Radioactive iodine (RAI) therapy is the most appropriate postoperative treatment in this patient who is at intermediate risk of cancer recurrence based on his age, the size of the primary tumor (between 2 and 4 cm), the presence of vascular invasion and extrathyroidal extension and the number of involved lymph nodes (>5). He therefore may benefit from adjuvant RAI therapy, due to his higher risk of persistent or recurrent disease. RAI therapy is given in conjunction with levothyroxine therapy, which is indicated in all patients who have had a total thyroidectomy. Because of his intermediate-risk disease, it may be appropriate to lower the thyroid-stimulating hormone level to less than 0.1 µU/mL (0.1 mU/L) in the absence of contraindications such as pre-existing cardiovascular disease or age greater than 65 years.

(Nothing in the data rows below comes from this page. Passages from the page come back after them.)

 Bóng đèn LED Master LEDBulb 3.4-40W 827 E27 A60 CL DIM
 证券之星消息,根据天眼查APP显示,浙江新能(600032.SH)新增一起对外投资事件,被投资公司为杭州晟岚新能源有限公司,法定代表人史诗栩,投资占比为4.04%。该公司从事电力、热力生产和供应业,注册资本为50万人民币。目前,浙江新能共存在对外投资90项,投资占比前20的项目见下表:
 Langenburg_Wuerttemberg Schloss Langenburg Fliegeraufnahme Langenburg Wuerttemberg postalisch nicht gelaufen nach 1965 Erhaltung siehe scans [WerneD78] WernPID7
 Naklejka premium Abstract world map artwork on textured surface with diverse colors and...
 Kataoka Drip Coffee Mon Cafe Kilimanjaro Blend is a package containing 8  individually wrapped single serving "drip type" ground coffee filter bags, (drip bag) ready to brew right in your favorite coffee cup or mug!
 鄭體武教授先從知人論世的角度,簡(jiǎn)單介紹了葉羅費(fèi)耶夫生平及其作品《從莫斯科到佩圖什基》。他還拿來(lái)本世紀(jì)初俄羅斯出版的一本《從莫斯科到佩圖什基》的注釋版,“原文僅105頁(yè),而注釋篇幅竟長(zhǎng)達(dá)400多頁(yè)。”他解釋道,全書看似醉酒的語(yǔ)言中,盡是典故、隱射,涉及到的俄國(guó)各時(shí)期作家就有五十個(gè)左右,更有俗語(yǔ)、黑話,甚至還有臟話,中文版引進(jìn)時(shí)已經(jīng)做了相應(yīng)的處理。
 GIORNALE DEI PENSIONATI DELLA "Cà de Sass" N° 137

Traditional chemotherapeutic agents, such as doxorubicin, are generally ineffective in the management of differentiated thyroid cancer and would not be indicated for this patient. In patients with anaplastic carcinoma of the thyroid, however, some studies have demonstrated a possible benefit with concomitant use of paclitaxel-based chemotherapy and external-beam radiotherapy. This patient has classic papillary thyroid cancer histology and would not benefit from such treatment.

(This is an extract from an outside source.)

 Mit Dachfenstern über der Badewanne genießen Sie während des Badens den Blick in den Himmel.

External-beam radiotherapy is rarely used in patients with differentiated thyroid cancer. An exception would be the management of patients with inoperable disease that threatens to cause local extension into vital structures in the neck such as the trachea, esophagus, or major blood vessels.
Because of the extent of disease found at surgery and this patient's high risk of recurrence, providing no additional therapy would not be an appropriate next step in management.